DATA SECTION:

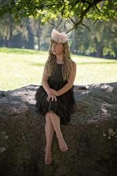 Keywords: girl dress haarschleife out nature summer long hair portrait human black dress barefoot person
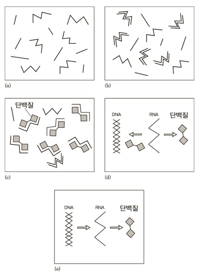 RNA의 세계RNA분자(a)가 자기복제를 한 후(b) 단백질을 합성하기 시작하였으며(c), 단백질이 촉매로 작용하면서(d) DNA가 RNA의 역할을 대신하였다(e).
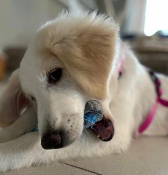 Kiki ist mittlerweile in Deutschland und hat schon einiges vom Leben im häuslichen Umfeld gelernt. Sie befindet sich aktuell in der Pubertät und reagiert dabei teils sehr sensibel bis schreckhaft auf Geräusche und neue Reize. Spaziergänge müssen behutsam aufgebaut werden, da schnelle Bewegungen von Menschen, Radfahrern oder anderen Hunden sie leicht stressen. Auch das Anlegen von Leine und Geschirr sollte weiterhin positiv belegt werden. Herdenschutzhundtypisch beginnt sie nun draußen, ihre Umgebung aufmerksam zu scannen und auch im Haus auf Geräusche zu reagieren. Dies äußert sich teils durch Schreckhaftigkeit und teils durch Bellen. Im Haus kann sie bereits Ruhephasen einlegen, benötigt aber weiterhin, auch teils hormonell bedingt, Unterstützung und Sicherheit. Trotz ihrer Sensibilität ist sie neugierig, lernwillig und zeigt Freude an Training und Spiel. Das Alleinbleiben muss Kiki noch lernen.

YOUR TASK: All of the data must be set down exactly, with no pictures included.

SOLUTION BELOW:
 Keywords: girl dress haarschleife out nature summer long hair portrait human black dress barefoot person
 RNA의 세계RNA분자(a)가 자기복제를 한 후(b) 단백질을 합성하기 시작하였으며(c), 단백질이 촉매로 작용하면서(d) DNA가 RNA의 역할을 대신하였다(e).
 Kiki ist mittlerweile in Deutschland und hat schon einiges vom Leben im häuslichen Umfeld gelernt. Sie befindet sich aktuell in der Pubertät und reagiert dabei teils sehr sensibel bis schreckhaft auf Geräusche und neue Reize. Spaziergänge müssen behutsam aufgebaut werden, da schnelle Bewegungen von Menschen, Radfahrern oder anderen Hunden sie leicht stressen. Auch das Anlegen von Leine und Geschirr sollte weiterhin positiv belegt werden. Herdenschutzhundtypisch beginnt sie nun draußen, ihre Umgebung aufmerksam zu scannen und auch im Haus auf Geräusche zu reagieren. Dies äußert sich teils durch Schreckhaftigkeit und teils durch Bellen. Im Haus kann sie bereits Ruhephasen einlegen, benötigt aber weiterhin, auch teils hormonell bedingt, Unterstützung und Sicherheit. Trotz ihrer Sensibilität ist sie neugierig, lernwillig und zeigt Freude an Training und Spiel. Das Alleinbleiben muss Kiki noch lernen.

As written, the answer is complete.